Overall, adidas has been on a positive trend towards embracing the sneakerhead community and have finally reached legit resell brand status.
Here’s how it happened.
This is the history* of adidas resell.
*(or at least important selected excerpts)
At the end of 2013, adidas represented one-half of one percent of the resell market.
Prior to that, adidas didn’t have more than a few true resell pairs per year. In fact, we can fit just about every relevant resell sneaker for six years on one chart:
Here’s a quick rundown of the best of the best for 2008 through 2013:
- 2008 – adidas Consortium AZX Project: Around the same time as the Nike 1 World Project, adidas responded with this 25 pair Consortium project collaborating with boutiques from around the world, drawing inspiration from the ZX silhouette. Pictured: adidas x Wood Wood ZX9000.
- 2009 – adidas x Star Wars: Pairs of the Star Wars 2010 Collection were released as early as December 2009 (we had to really stretch for this one), and came correct with the Bape-esque toy packaging. Pictured: adidas Luke Skywalker (adaptation of adidas Top Ten).

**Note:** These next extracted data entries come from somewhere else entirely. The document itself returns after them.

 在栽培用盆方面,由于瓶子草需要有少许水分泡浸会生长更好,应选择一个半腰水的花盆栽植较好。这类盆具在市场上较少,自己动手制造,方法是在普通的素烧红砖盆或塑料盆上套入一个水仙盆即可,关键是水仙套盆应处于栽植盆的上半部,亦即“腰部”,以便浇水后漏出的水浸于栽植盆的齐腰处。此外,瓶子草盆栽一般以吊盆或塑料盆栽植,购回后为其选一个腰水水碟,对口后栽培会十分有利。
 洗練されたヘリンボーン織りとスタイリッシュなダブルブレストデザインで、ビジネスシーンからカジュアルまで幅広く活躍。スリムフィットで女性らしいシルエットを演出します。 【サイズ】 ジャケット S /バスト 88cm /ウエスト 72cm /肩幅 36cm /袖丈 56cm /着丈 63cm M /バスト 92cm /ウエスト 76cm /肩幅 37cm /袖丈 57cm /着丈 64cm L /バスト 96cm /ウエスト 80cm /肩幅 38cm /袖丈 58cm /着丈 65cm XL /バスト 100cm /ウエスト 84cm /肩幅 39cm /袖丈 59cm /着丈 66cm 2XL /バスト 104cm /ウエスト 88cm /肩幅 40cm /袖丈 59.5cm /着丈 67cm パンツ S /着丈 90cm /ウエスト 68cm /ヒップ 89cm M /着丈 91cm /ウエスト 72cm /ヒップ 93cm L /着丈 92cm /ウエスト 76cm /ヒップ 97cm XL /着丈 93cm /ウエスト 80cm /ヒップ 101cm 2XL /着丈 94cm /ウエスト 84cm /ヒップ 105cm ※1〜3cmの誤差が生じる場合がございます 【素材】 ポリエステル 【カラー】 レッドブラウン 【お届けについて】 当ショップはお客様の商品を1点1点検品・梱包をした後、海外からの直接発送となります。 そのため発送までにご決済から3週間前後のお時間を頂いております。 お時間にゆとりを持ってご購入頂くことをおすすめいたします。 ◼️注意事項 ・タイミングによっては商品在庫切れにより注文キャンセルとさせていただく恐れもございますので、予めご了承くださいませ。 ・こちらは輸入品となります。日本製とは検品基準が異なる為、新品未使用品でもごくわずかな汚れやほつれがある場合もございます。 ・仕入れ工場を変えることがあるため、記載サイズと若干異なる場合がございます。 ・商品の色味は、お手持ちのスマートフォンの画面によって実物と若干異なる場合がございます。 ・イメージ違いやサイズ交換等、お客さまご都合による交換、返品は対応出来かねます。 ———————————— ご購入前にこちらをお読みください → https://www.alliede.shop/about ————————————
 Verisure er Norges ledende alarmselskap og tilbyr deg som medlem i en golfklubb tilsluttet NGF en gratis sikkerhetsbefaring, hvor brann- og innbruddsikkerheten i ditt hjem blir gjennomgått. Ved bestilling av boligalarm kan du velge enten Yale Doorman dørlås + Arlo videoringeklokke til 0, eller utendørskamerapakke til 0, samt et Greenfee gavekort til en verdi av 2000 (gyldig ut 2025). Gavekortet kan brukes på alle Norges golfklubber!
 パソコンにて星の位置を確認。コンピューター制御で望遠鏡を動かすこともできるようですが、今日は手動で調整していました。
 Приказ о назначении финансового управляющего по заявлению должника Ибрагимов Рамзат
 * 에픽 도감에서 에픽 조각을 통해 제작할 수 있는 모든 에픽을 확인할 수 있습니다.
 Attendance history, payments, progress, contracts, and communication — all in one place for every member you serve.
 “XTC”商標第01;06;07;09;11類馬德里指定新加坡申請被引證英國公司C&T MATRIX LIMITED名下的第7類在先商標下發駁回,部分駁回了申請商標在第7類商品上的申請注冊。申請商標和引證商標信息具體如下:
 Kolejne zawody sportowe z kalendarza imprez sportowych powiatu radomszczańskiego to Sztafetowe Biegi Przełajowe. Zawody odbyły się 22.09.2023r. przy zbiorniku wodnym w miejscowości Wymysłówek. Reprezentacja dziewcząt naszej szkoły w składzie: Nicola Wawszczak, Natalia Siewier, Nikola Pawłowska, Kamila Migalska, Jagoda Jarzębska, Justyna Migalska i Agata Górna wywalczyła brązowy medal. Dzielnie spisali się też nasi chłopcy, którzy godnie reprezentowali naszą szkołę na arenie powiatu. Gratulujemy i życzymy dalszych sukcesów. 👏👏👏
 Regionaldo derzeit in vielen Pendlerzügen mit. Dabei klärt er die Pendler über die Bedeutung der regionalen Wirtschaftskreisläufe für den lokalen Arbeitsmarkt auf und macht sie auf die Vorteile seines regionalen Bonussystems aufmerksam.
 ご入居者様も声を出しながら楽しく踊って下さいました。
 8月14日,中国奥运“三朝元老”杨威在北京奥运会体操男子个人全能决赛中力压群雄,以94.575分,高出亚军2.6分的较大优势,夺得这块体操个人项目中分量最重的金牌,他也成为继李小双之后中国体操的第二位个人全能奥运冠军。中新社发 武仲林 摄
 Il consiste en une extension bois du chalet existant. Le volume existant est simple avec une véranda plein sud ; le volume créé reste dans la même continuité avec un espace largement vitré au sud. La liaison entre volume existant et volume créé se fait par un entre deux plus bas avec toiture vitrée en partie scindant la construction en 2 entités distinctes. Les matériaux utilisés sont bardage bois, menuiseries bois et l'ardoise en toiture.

- 2010 – adidas x Mastermind: Limited release + high-end Japanese streetwear brand = high resell. adidas has repeated this since then, most recently with the Mastermind NMDs. Pictured: adidas Mastermind Hardland.
- 2011 – adidas x RUN DMC: In celebration of the 25th Anniversary of their single “My adidas”, this shoe released on 11-11-11 at adidas Original stores. It retailed for $198.60 to match the anniversary year. 1986 pairs worldwide. Pictured: adidas x Run DMC Superstar 80s.
- 2012 – adidas x Big Sean: Big Sean’s first collab shoe with adidas, limited to 380 pairs worldwide. Pictured: adidas x Big Sean Pro Model II “Detroit Player”.
- 2013 – adidas x Bape x Undefeated: Part of a three-pair pack including two colorways of the Campus 80s, the ZX8000 was the star of the pack and you can’t go wrong with anything Bape because, well . . . hypebeast sh*t. Pictured: adidas x Bape x Undefeated ZX8000.
Some cool stuff, for sure, but that’s SIX years of resell relevance in under 250 words.
That being said, honorable mention from this era goes out to Jeremy Scott.
While high retail prices limited its resell potential, JS’s unique shoes are an important part of adidas’ history. From fuzzy animals to putting actual angel wings on shoes, each release made you say “WTF.” And, occasionally, there were one too many Fs associated with his shoes, such as the Roundhouse “Handcuffs” from 2012 that were cancelled before they ever released. Maybe if those handcuffs were fuzzy people would have thought differently, but what’s definite is that Jeremy Scott used adidas as a medium to bridge the gap between avant-garde fashion and streetwear culture. Foreshadowing a reoccurring theme here, Jeremy Scott’s drops are a microcosm of the up and down strides adidas made towards sneakerhead significance.
In 2014 adidas made a big jump forward, doubling its resell presence from the year before – but still representing only 1% of the $1B+ industry.
By comparison Nike, including Jordan Brand, accounted for 96% of the secondary market. Air Jordans have dominated resell for decades. Even with adidas’ surge in 2014 it was still an afterthought, at best.
These were the top four adidas resell sneakers in 2014:
The top four resell sneakers accounted for $256K in total dollars on eBay.
Is that a lot?
Well, here’s a comparison to the top-selling Jordan:
The top selling Jordan was the Gamma Blue 11 which sold over 13K pairs for almost $3.8M.
It’s not even close.
And at the sneaker level, it was actually worse. adidas was notorious for playing bait and switch with the resell community. Releasing a hyped shoe in limited quantities, letting the resell market take hold, prices soaring . . . and then restock. Death to resell.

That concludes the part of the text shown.